I have simulated three data sets of 20M points each for testing LR with binary response variables with very rare events:
1) Two continuous effects: Beta0=12, beta1=1 and Beta2=1. X1 is Normal (-0.8, .25) and X2 is -ABS[Normal (0,5)]. (Each of the two variables increases the probability of the event, depending upon the value of the variable.) In this case there are about 711,000 positive events in 20M samples. Upon running LR, I get fairly good estimates of the three betas: b0 = 12.003, b1=1.005,b2=0.99996. RSquare(U)=0.623, AICc = 2,314,760 and BIC=2,314,804. The ROC AUC=0.97835.
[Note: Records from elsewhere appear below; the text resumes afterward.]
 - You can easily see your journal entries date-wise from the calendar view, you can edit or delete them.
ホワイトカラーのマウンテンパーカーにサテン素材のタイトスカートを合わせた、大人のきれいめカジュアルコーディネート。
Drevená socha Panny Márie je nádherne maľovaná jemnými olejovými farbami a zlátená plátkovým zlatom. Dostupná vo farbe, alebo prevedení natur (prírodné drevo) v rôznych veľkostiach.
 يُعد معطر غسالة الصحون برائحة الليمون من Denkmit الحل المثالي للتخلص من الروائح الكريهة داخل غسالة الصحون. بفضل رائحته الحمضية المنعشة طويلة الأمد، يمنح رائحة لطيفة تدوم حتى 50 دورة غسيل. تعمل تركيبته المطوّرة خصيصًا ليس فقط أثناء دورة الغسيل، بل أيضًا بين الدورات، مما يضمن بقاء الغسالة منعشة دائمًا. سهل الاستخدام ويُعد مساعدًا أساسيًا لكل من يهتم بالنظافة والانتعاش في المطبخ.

2) The second data set has one continuous and one categorical effect. For this data, I replace the second continuous variable in the first data set with a binary variable occurring with probability 0.05 and a Beta2 = -2. This data contains just 394 events in the total of 20M samples. Upon running LR, the estimates are : b0 = 11.0988, b1=1.184, b2=-1.01. RSquare(U)=0.0283, AICc = 9,068 and BIC=9,112. The ROC with AUC = 0.68. So, while the Beta0 and Beta1 estimates are reasonable, estimate of Beta2 for the nominal variable appears to be half the true value.
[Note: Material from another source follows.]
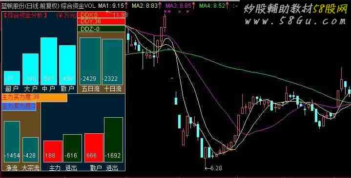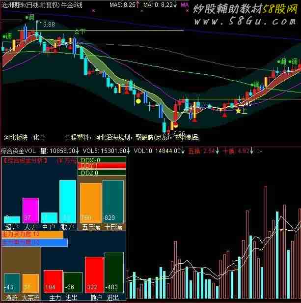预测量:=IF(CURRBARSCOUNT=1 AND PERIOD=5,VOL*240/FROMOPEN,VOL),NODRAW; STICKLINE(CURRBARSCOUNT=1 AND PERIOD=5,预测量,0,-1,-1),COLOR00C0C0; 量:VOL,VOLSTICK; VOL5:MA(量,5); VOL10:MA(量,10); 五换:SUM(100*V/CAPITAL,5),COLORRED,NODRAW; 十换:SUM(100*V/CAPITAL,10),COLORRED,NODRAW; 超B:=L2_AMO(0,2)/10000.0; 大B:=L2_AMO(1,2)/10000.0; 中B:=L2_AMO(2,2)/10000.0; 小B:=L2_AMO(3,2)/10000.0; 超S:=-L2_AMO(0,3)/10000.0; 大S:=-L2_AMO(1,3)/10000.0; 中S:=-L2_AMO(2,3)/10000.0; 小S:=-L2_AMO(3,3)/10000.0; TESTSKIP(NOT(超B OR 大B OR 中B OR 小B OR 超S OR 大S OR 中S OR 小S)!=0); 净流入:=(超B+大B+中B+小B)+(超S+大S+中S+小S); 大宗净流入:=(超B+大B)+(超S+大S); 超大单:=(超B)+(超S); 大单:=(大B)+(大S); 中单:=(中B)+(中S); 小单:=(小B)+(小S); 大宗进:=(超B)+(大B); 大宗出:=(超S)+(大S); 非大宗进:=(中B)+(小B); 非大宗出:=(中S)+(小S); 资金流向:=(超B+大B+中B+小B)+(超S+大S+中S+小S); 近5日流向:=SUM(资金流向,5); 近10日流向:=SUM(资金流向,10); 主力资金线:=(L2_AMO(0,0)+L2_AMO(1,0)-L2_AMO(0,1)-L2_AMO(1,1))/100.0,LINETHICK2; 主力买力度:=LARGEINTRDVOL*100/VOL; 主力卖力度:=LARGEOUTTRDVOL*100/VOL; DRAWRECTREL(0,0,235,999,RGB(100,330,30)); DRAWRECTREL(0,0,235,515,RGB(0,30,50)); DRAWRECTREL(75,515,235,999,RGB(0,30,50)); DRAWRECTREL(144,0,235,515,RGB(100,330,30));AA:=CONST(MAX(ABS(净流入),MAX(ABS(大宗净流入),MAX(ABS(大宗进),MAX(ABS(大宗出),MAX(ABS(非大宗进),ABS(非大宗出)))))))*3,NODRAW; DRAWRECTREL(5,CONST(830-(ABS(净流入)*500/AA)),35,945,IF(CONST(净流入)>0,RGB(250,150,10),RGB(0,100,100))); DRAWRECTREL(40,CONST(830-(ABS(大宗净流入)*500/AA)),70,945,IF(CONST(大宗净流入)>0,RGB(250,150,10),RGB(0,100,100))); DRAWNUMBER_FIX(CURRBARSCOUNT=1,0.005,0.88,0,INTPART(净流入)),COLORWHITE; DRAWNUMBER_FIX(CURRBARSCOUNT=1,0.041,0.88,0,INTPART(大宗净流入)),COLORWHITE; DRAWTEXT_FIX(CURRBARSCOUNT=1,0.008,1,0,'净流 大宗流'),COLORWHITE;DRAWRECTREL(80,CONST(830-(ABS(大宗进)*500/AA)),115,945,IF(CONST(大宗进)>0,RGB(255,0,0),RGB(23,125,255))); DRAWRECTREL(117,CONST(830-(ABS(大宗出)*500/AA)),152,945,IF(CONST(大宗出)<0,RGB(0,50,0),RGB(0,50,0))); DRAWRECTREL(158,CONST(830-(ABS(非大宗进)*500/AA)),193,945,IF(CONST(非大宗进)>0,RGB(255,0,0),RGB(23,125,255))); DRAWRECTREL(195,CONST(830-(ABS(非大宗出)*500/AA)),230,945,IF(CONST(非大宗出)<0,RGB(0,50,0),RGB(0,50,0))); DRAWTEXT_FIX(CURRBARSCOUNT=1,0.09,1,0,'主力 进出 散户 进出'),COLORWHITE; DRAWNUMBER_FIX(CURRBARSCOUNT=1,0.082,0.88,0,INTPART(大宗进)),COLORWHITE; DRAWNUMBER_FIX(CURRBARSCOUNT=1,0.12,0.88,0,INTPART(大宗出)),COLORWHITE; DRAWNUMBER_FIX(CURRBARSCOUNT=1,0.161,0.88,0,INTPART(非大宗进)),COLORWHITE; DRAWNUMBER_FIX(CURRBARSCOUNT=1,0.196,0.88,0,INTPART(非大宗出)),COLORWHITE; AAB:=CONST(MAX(ABS(超大单),MAX(ABS(大单),MAX(ABS(中单),ABS(小单))))),NODRAW; DRAWRECTREL(5,CONST(830-(ABS(超大单)*500/AAB))/2,35,460,IF(CONST(超大单)>0,RGB(255,0,255),RGB(0,255,255))); DRAWRECTREL(40,CONST(830-(ABS(大单)*500/AAB))/2,70,460,IF(CONST(大单)>0,RGB(255,0,255),RGB(0,255,255))); DRAWRECTREL(75,CONST(830-(ABS(中单)*500/AAB))/2,105,460,IF(CONST(中单)>0,RGB(255,0,255),RGB(0,255,255))); DRAWRECTREL(110,CONST(830-(ABS(小单)*500/AAB))/2,140,460,IF(CONST(小单)>0,RGB(255,0,255),RGB(0,255,255))); DRAWTEXT_FIX(CURRBARSCOUNT=1,0.007,0.46,0,'超 户 大 户 中 户 散 户'),COLORWHITE; DRAWNUMBER_FIX(CURRBARSCOUNT=1,0.007,0.4,0,INTPART(超大单)),COLORWHITE; DRAWNUMBER_FIX(CURRBARSCOUNT=1,0.042,0.4,0,INTPART(大单)),COLORWHITE; DRAWNUMBER_FIX(CURRBARSCOUNT=1,0.076,0.4,0,INTPART(中单)),COLORWHITE; DRAWNUMBER_FIX(CURRBARSCOUNT=1,0.112,0.4,0,INTPART(小单)),COLORWHITE; DRAWTEXT_FIX(CURRBARSCOUNT=1,0,0,0,'【综合资金分析】 (¥万元)'),COLORRED; AAC:=CONST(MAX(ABS(近5日流向),ABS(近10日流向))),NODRAW; DRAWRECTREL(149,CONST(830-(ABS(近5日流向)*500/AAC))/2,189,460,IF(CONST(近5日流向)>0,RGB(250,150,10),RGB(0,100,100))); DRAWRECTREL(191,CONST(830-(ABS(近10日流向)*500/AAC))/2,230,460,IF(CONST(近10日流向)>0,RGB(250,150,10),RGB(0,100,100))); DRAWNUMBER_FIX(CURRBARSCOUNT=1,0.15,0.4,0,INTPART(近5日流向)),COLORWHITE; DRAWNUMBER_FIX(CURRBARSCOUNT=1,0.19,0.4,0,INTPART(近10日流向)),COLORWHITE; DRAWTEXT_FIX(CURRBARSCOUNT=1,0.152,0.46,0,'五日流 十日流'),COLORWHITE; DDX:=(LARGEINTRDVOL-LARGEOUTTRDVOL)*1000/FINANCE(7); DDY:=IF(TRADENUM>0,(TRADEOUTNUM-TRADEINNUM)*100/TRADENUM,0); DDZ:=IF(TRADENUM>0,(LARGETRDINNUM-LARGETRDOUTNUM)/TRADENUM*100,0); DRAWRECTREL(144,0,235,40,IF(CONST(DDX)>0,RGB(255,0,0),RGB(0,50,0))); DRAWRECTREL(144,45,235,85,IF(CONST(DDY)>0,RGB(255,0,0),RGB(0,50,0))); DRAWRECTREL(144,90,235,130,IF(CONST(DDZ)>0,RGB(255,0,0),RGB(0,50,0))); DRAWTEXT_FIX(1,0.15,0,0,STRCAT('DDX:',CON2STR(DDX,0))),COLORYELLOW; DRAWTEXT_FIX(1,0.15,0.04,0,STRCAT('DDY:',CON2STR(DDY,0))),COLORYELLOW; DRAWTEXT_FIX(1,0.15,0.09,0,STRCAT('DDZ:',CON2STR(DDZ,0))),COLORYELLOW; AAD:=CONST(MAX(ABS(主力买力度),ABS(主力卖力度)))*4,NODRAW; DRAWRECTREL(0,515,CONST(ABS(主力买力度)*500/AAD),568,IF(CONST(主力买力度)>0,RGB(250,150,10),RGB(0,255,255))); DRAWRECTREL(0,570,CONST(ABS(主力卖力度)*500/AAD),623,IF(CONST(主力卖力度)>0,RGB(23,125,255),RGB(0,255,255))); DRAWTEXT_FIX(1,0,0.512,0,STRCAT('主力买力度:',CON2STR(主力买力度,0))),COLORRED; DRAWTEXT_FIX(1,0,0.57,0,STRCAT('主力卖力度:',CON2STR(主力卖力度,0))),COLORRED;  |

3) To generate the third data set I use both effects as binomially generated binary variables. I replace one continuous variable in the first data set with a binary variable occurring with probability 0.05 and a Beta2 = -2. I replace the second continuous variable with another binomially generated random variable with probability 0.1 and Beta = -1. This data contains just 165 events in the total of 20M samples. Upon running LR, the estimated parameter values are: b0 = 10.582, b1 = - 1.14, b2 = - 0.512. RSquare(U)=0.0384, AICc = 4,038 and BIC=4,082. The ROC AUC=0.6756. So, while the Beta0 estimate is reasonable, estimates of Beta1 and Beta2 for both nominal variables appears to be half the true value
What am I missing here? Why should the estimates of coefficients of categorical variables be half their true values?
My next tests are going to be with under-sampling the non-events and then applying the under-sampling correction to the Beta0. But, first I would like to understand the estimates generated by LR in JMP. Any suggestions or clarification would be greatly appreciated.